__Supplied data__.
++++

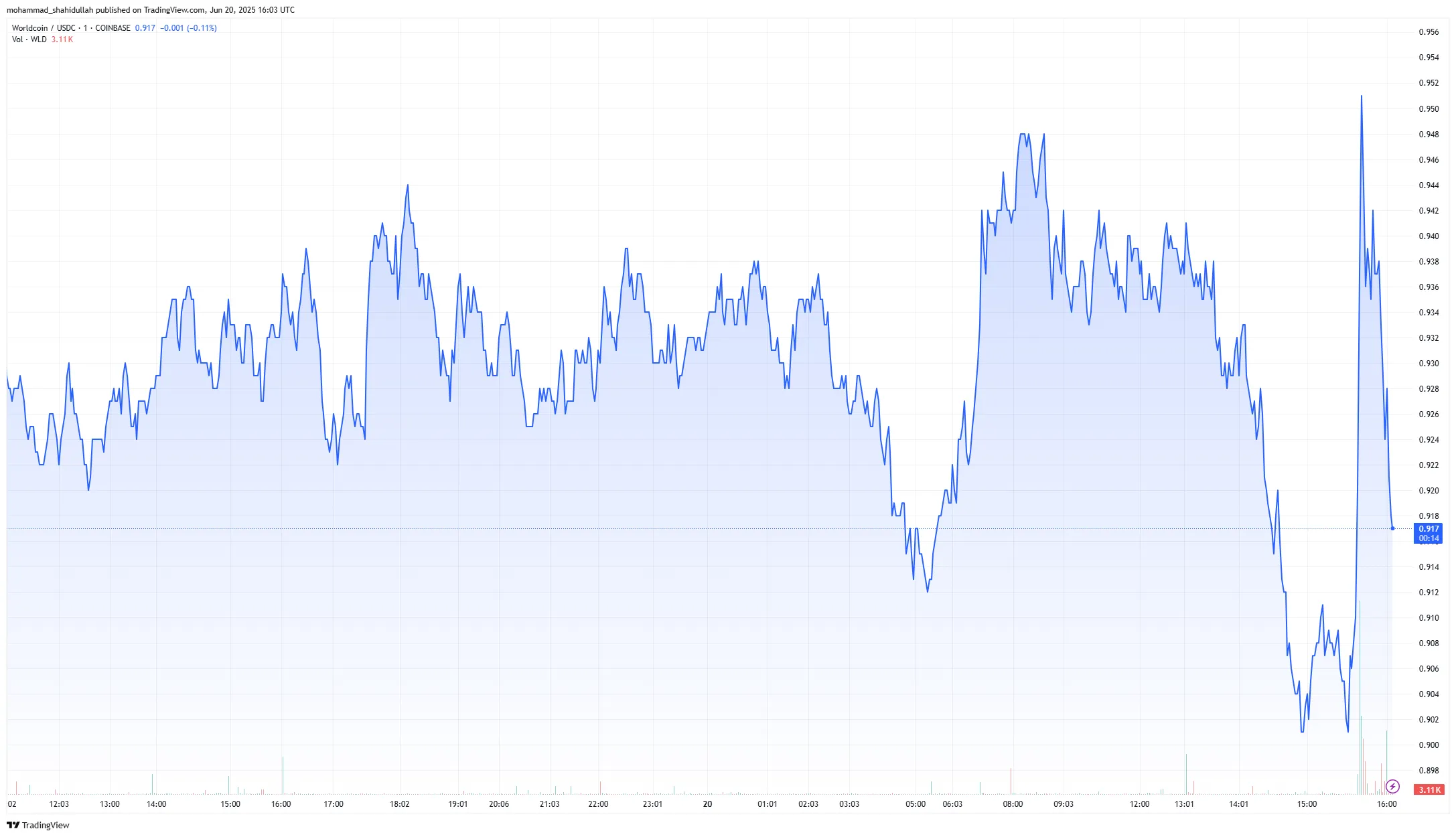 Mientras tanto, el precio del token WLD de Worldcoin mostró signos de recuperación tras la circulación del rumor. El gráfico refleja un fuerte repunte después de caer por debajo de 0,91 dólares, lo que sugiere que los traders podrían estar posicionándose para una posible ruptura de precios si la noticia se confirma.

++++

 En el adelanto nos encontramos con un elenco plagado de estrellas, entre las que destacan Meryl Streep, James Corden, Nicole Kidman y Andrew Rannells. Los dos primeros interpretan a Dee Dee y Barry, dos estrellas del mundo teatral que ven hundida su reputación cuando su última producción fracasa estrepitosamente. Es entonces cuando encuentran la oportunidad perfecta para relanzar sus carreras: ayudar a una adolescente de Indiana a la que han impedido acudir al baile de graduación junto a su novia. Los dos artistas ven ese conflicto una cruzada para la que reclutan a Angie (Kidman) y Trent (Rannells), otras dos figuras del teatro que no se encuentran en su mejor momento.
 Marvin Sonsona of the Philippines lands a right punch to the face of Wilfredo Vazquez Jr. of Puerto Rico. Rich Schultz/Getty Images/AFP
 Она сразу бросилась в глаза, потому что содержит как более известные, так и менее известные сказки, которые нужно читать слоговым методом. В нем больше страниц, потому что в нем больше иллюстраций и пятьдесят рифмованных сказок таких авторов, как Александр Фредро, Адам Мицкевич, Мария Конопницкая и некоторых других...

++++

__What is expected__. As the answer, set down only the lines from the data above between the one holding "Marvin Sonsona of" and the one holding "Она сразу бросилась", inclusive, exactly as they read.

__Output for this task__.
 Marvin Sonsona of the Philippines lands a right punch to the face of Wilfredo Vazquez Jr. of Puerto Rico. Rich Schultz/Getty Images/AFP
 Она сразу бросилась в глаза, потому что содержит как более известные, так и менее известные сказки, которые нужно читать слоговым методом. В нем больше страниц, потому что в нем больше иллюстраций и пятьдесят рифмованных сказок таких авторов, как Александр Фредро, Адам Мицкевич, Мария Конопницкая и некоторых других...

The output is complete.